The Hours and Times is a 1991 drama film written and directed by Christopher Münch. Starring David Angus and Ian Hart, it is a fictionalized account of what might have happened during a real holiday taken by John Lennon and The Beatles' manager Brian Epstein in 1963.

Plot
It is 1963 and John Lennon flies to Barcelona with The Beatles' manager Brian Epstein for a weekend of relaxation for John. On the flight over they meet air hostess Marianne. John flirts with her and gives her their hotel telephone number.

John asks Brian about gay sex and says that he thinks about it sometimes, but is put off by the thought that it would be painful. They play cards and Brian tells John he is surprised that he brought that up, that he feels awkward about it, that the situation between them is hopeless. John tells him that he finds Brian charming but does not want to have sex with him. He is angry at the thought that everyone they know thinks they are having a sexual relationship. He goes to bed and receives a telephone call from his wife, Cynthia. She says that she misses him, and John says that he misses their son, Julian.

John and Brian go to a gay bar and meet a Spanish man named Quinones. John invites him back to the hotel where the three of them have drinks. Quinones is gay but married. After some friendly conversation he leaves early. Brian is angry with John, calling Quinones a fascist, and saying that nothing matters because he cannot have the one thing he wants. He goes to bed and confides in Miguel, the hotel boy.
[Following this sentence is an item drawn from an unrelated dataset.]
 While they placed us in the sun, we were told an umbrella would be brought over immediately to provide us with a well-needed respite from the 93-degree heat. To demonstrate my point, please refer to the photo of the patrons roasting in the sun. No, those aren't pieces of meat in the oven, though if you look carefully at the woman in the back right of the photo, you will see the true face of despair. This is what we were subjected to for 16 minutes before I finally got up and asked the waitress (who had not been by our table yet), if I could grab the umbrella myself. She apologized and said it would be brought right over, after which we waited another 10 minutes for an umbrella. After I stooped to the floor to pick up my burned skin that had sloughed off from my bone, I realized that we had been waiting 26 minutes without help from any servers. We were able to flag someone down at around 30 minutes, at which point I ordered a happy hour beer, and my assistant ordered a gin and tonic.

He asks Miguel for oral sex but then says he is only joking. Later he talks to his mother on the telephone.

The pair look around Barcelona and John takes photographs of Brian. They discuss, among other things, John's relationship with Cynthia, which he does not like to talk to Brian about.
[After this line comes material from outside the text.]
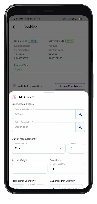 2. Load, Unload and various transit management features like OGPL, Local Transit, Door Delivery List.

John has a bath and plays the harmonica. Brian enters and sits on the bath. John asks him to scrub his back with a flannel, which Brian starts doing. John starts kissing Brian, who quickly undresses and gets into the bath. They kiss a little more, then John abruptly gets out of the bath and leaves the room. Brian finds him smoking in bed. John says he is not angry but can not put into words what he is thinking. The telephone rings, it is Marianne. John tells her to come up. Brian is angry, saying that he is tired of making allowances for people. Marianne arrives and Brian leaves. Marianne asks John why Brian is upset, and they argue. She says that she can see they care about each other but she thinks John torments Brian. She has brought a new Little Richard record, which they dance to.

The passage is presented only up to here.